> **TASK DETAILS**
Ignore the pictures in the data below and set down exactly the lines from its first line through the line containing "На 17. 12. 2017".

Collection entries
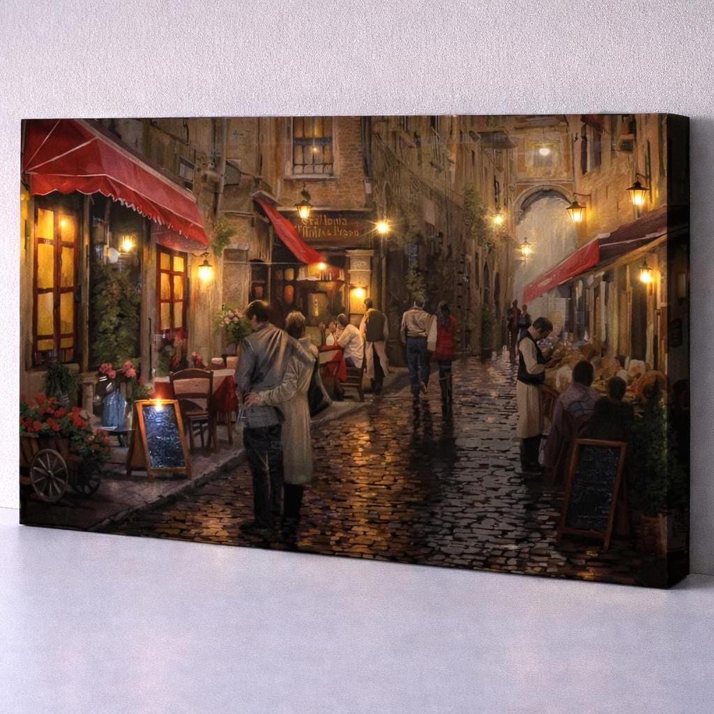 Relive the enchantment of an intimate evening with this captivating LED backlit canvas art. The artwork portrays a charming and stylish alleyway adorned with cafes and restaurants. In the heart of it, a loving couple embraces, gazing at the bustling world around them. Cafe and restaurant tables line the street's edges, where people dine and engage in lively conversations. When you switch on the canvas's lights, the warm glow of the houses, the gentle illumination of street lamps, and the inviting ambiance of cafes and restaurants come to life, inviting you to immerse yourself in the romantic allure of this enchanting scene. Here's why this piece is a must-have:
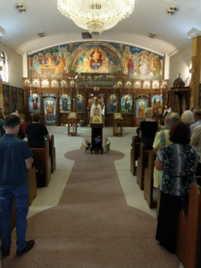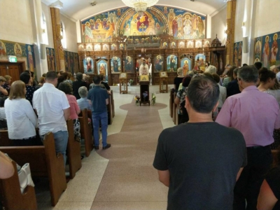 На 17. 12. 2017 година, во 28-тата недела по Педесетница кога го празнуваме споменот на Светата великомаченичка Варвара; Свети Јован Дамаскин; Свети Генадиј, архиепископ Новгородски, во црковната општина „Света Петка“ во Рокдејл, архимандриот Гаврил (Галев) во сослужение на новодојдениот свештеник и старешина на храмот, презвитерот Владо Недески, служеше Света Златоустова Литургија.
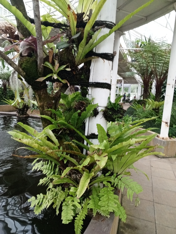 Lush green plants thrive beside a reflective pool within a greenhouse. Bird's nest ferns and various ferns cascade from a faux tree secured to a white support column. The plants are accented with dark, fibrous material. Beyond, tall tree ferns line a walkway beneath a translucent roof structure. The image is well-lit, highlighting the textures and colors of the vegetation.
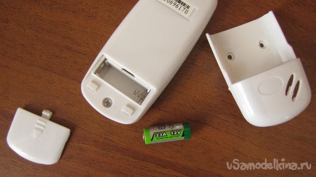 Пульт можно, при желании, закрепить на стену. Вернее не пульт, а его гнездо. Сам пульт остаётся переносным. В нём используется батарейка на 12 вольт. Потребление энергии пультом мизерное, так что этой батарейки хватит на длительное время.
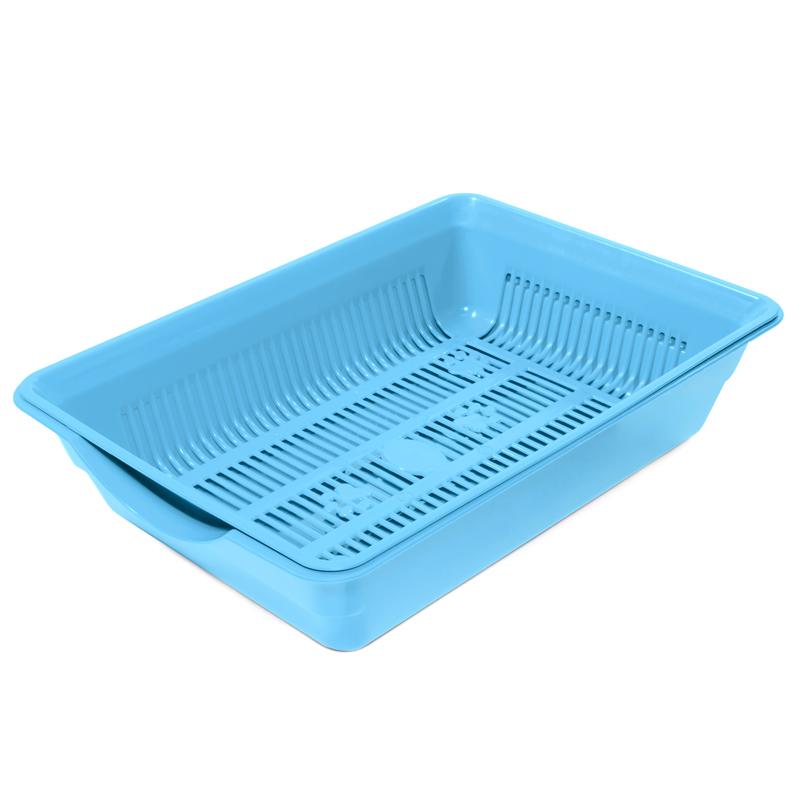 Туалет для кошек высокий с цветной сеткой "Лапки", голубой, 350*250*90мм
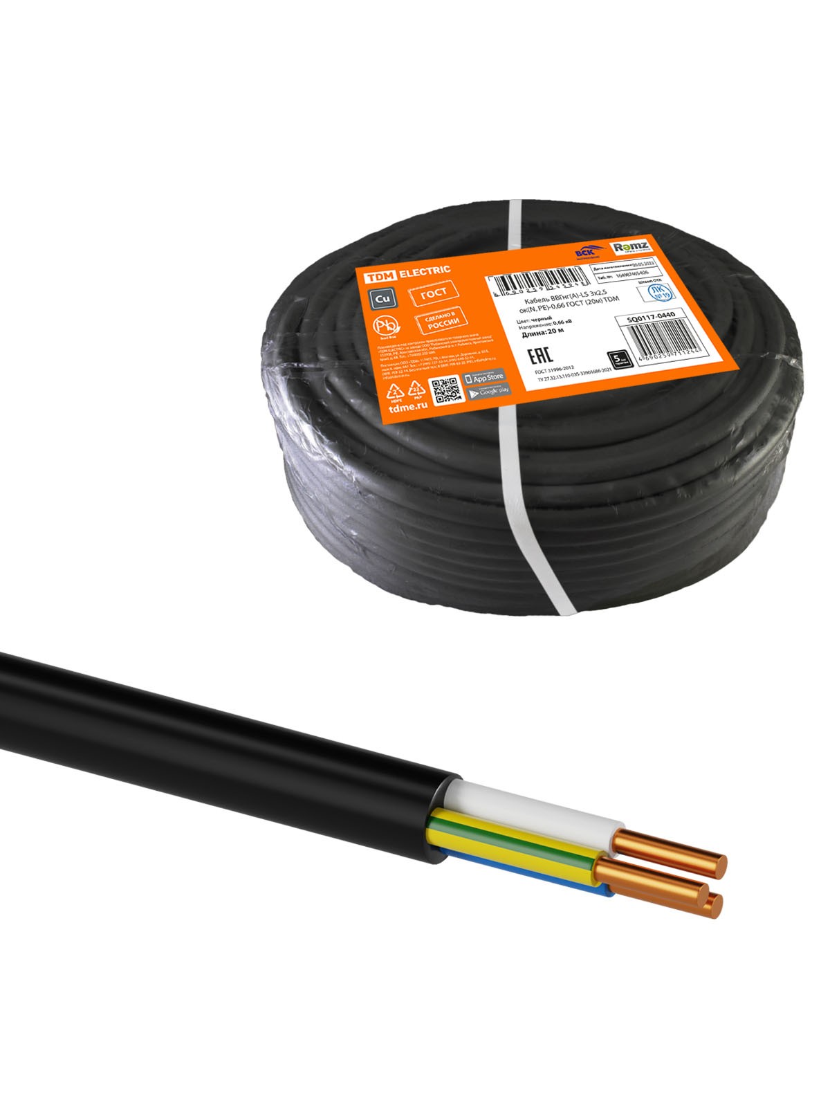 Провод ПВС 3х2,5 ГОСТ (20м), черный TDM
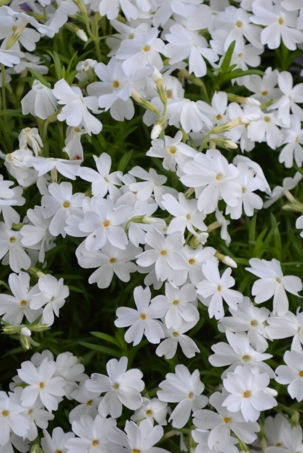 Phlox subulata 'White Delight' blomstrer i april, maj og juni.
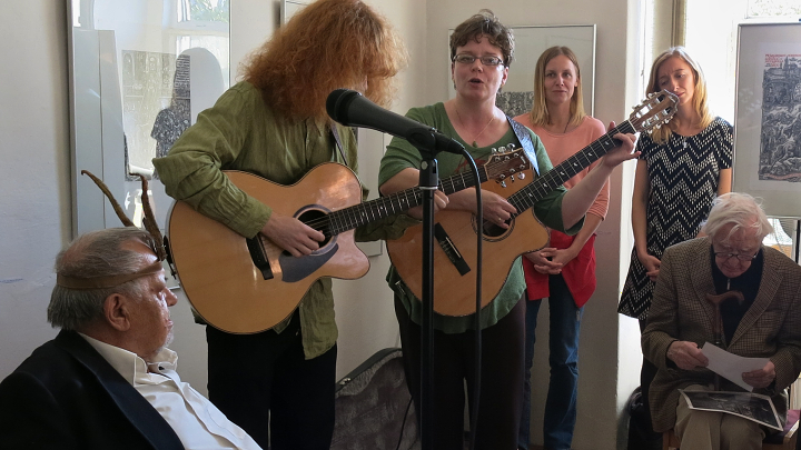Praha: Zahráli jsme panu Mézlovi na vernisážích jeho výstav k 80. narozeninám.
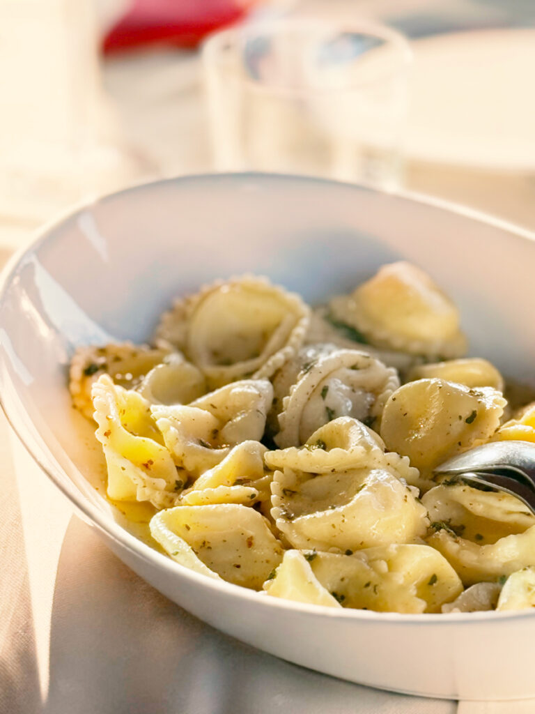 Poslije tastinga u Kaldiru, Valente su nas odvele na ručak u Agroturizam Štefanić, u zaseoku Štefanići gdje je rođena gospođa Valenta. Agroturizam Štefanić, utemeljen prije točno četvrt stoljeća, primjer je poštenog i kompetentnog odnosa prema jednostavnoj lokalnoj hrani. Ručali smo gustu maneštru s ječmom, odlične fuže sa šugom od srnetine, fine pljukance s tartufima i još ukusnije raviole sa sirom i kaduljom.
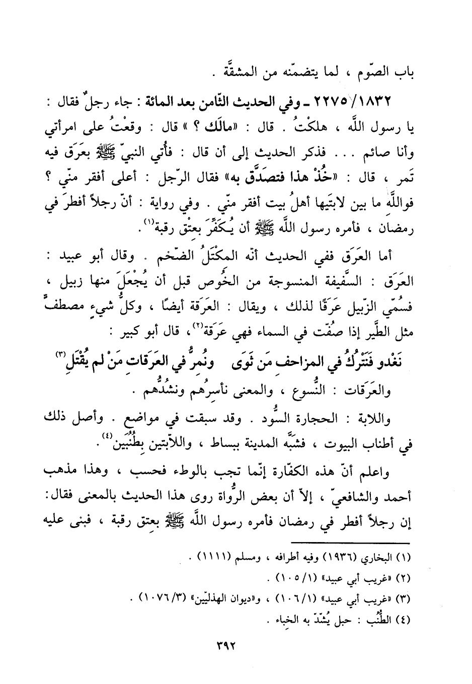 1832 - / 2275 - وَفِي الحَدِيث الثَّامِن بعد الْمِائَة: جَاءَ رجل فَقَالَ: يَا رَسُول الله، هَلَكت. قَالَ: ((مَالك؟)) قَالَ: وَقعت على امْرَأَتي وَأَنا صَائِم ... فَذكر الحَدِيث إِلَى أَن قَالَ: فَأتي النَّبِي صلى الله عَلَيْهِ وَسلم بعرق فِيهِ تمر، قَالَ: ((خُذ هَذَا فَتصدق بِهِ)) فَقَالَ الرجل: أَعلَى أفقر مني؟ فوَاللَّه مَا بَين لابتيها أهل بَيت أفقر مني. وَفِي رِوَايَة: أَن رجلا أفطر فِي رَمَضَان، فَأمره رَسُول الله صلى الله عَلَيْهِ وَسلم أَن يكفر بِعِتْق رَقَبَة.
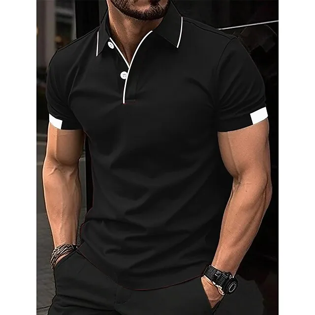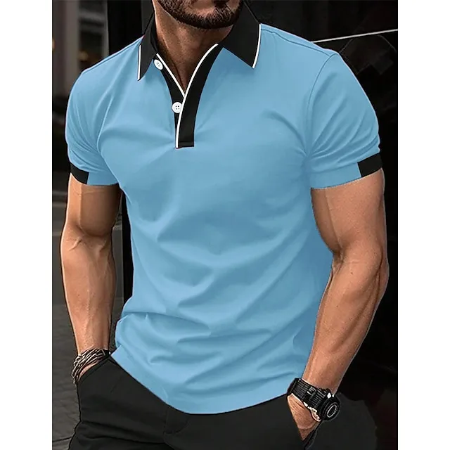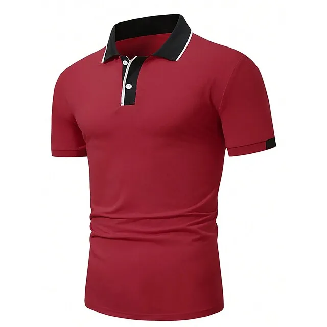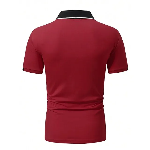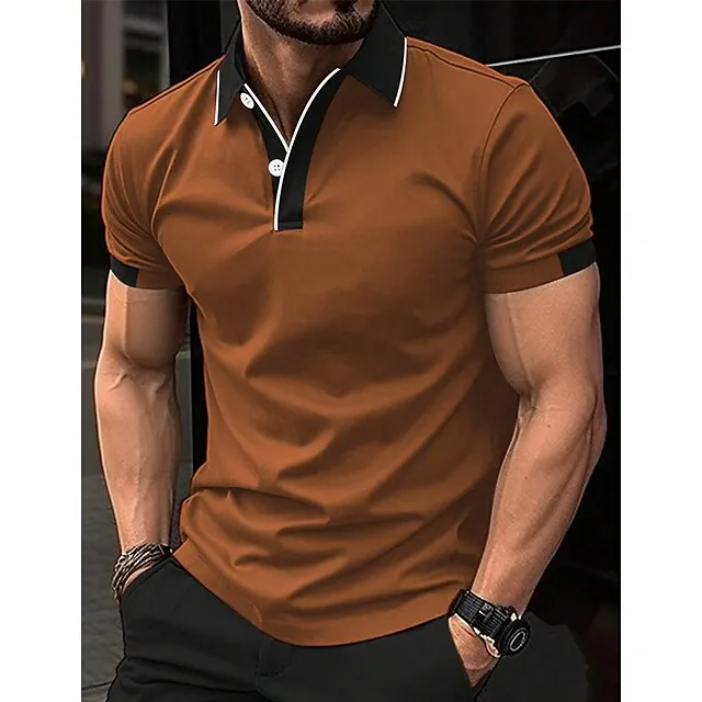 Men’s Polo Shirt Button Up Polos Casual Sports Lapel Short Sleeve Fashion Basic Color Block Patchwork Summer Regular Fit Black Red Sky Blue Brown Polo Shirt
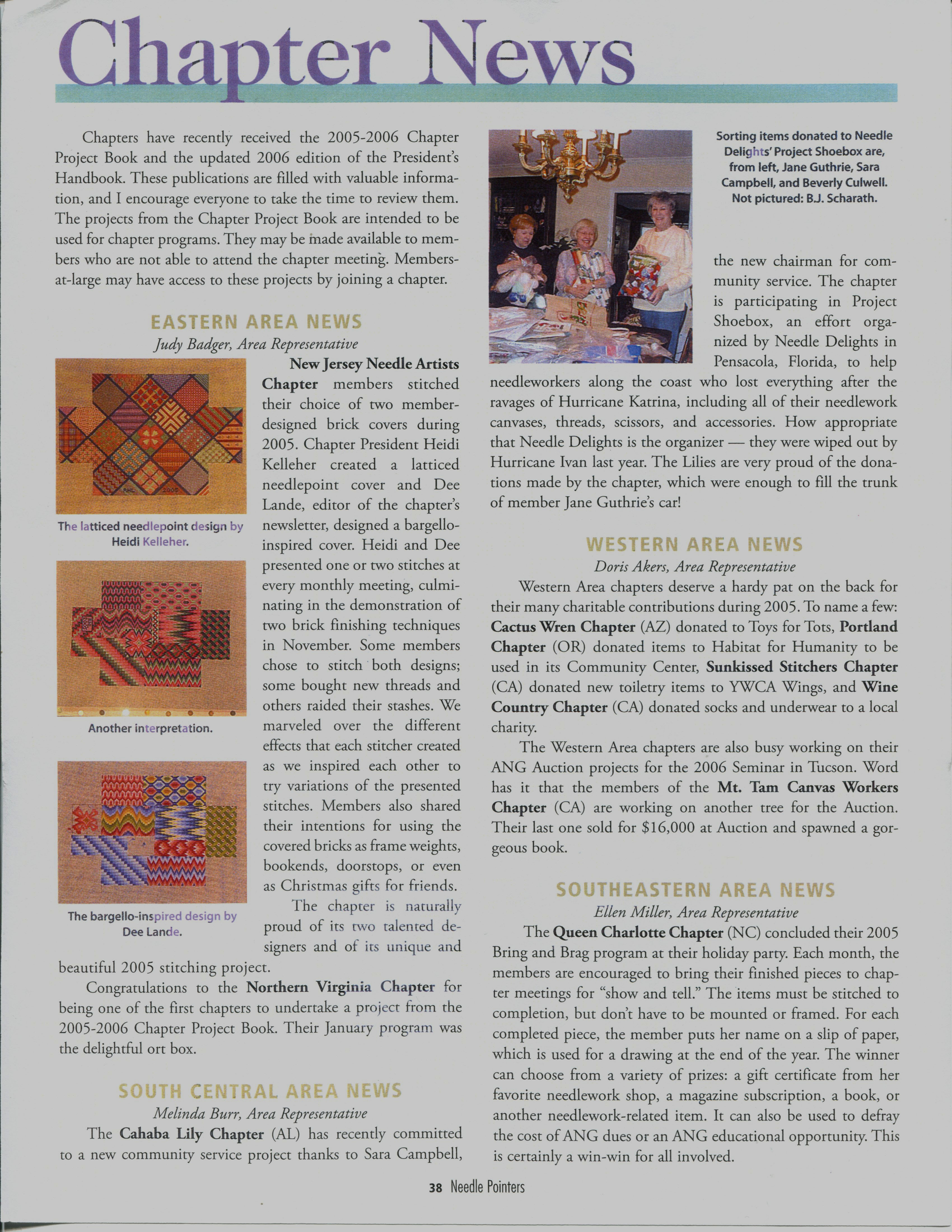 The chapter is naturally proud of its two talented designers and of its unique and beautiful 2005 stitching project.

> **SOLVED EXERCISE**
 Relive the enchantment of an intimate evening with this captivating LED backlit canvas art. The artwork portrays a charming and stylish alleyway adorned with cafes and restaurants. In the heart of it, a loving couple embraces, gazing at the bustling world around them. Cafe and restaurant tables line the street's edges, where people dine and engage in lively conversations. When you switch on the canvas's lights, the warm glow of the houses, the gentle illumination of street lamps, and the inviting ambiance of cafes and restaurants come to life, inviting you to immerse yourself in the romantic allure of this enchanting scene. Here's why this piece is a must-have:
 На 17. 12. 2017 година, во 28-тата недела по Педесетница кога го празнуваме споменот на Светата великомаченичка Варвара; Свети Јован Дамаскин; Свети Генадиј, архиепископ Новгородски, во црковната општина „Света Петка“ во Рокдејл, архимандриот Гаврил (Галев) во сослужение на новодојдениот свештеник и старешина на храмот, презвитерот Владо Недески, служеше Света Златоустова Литургија.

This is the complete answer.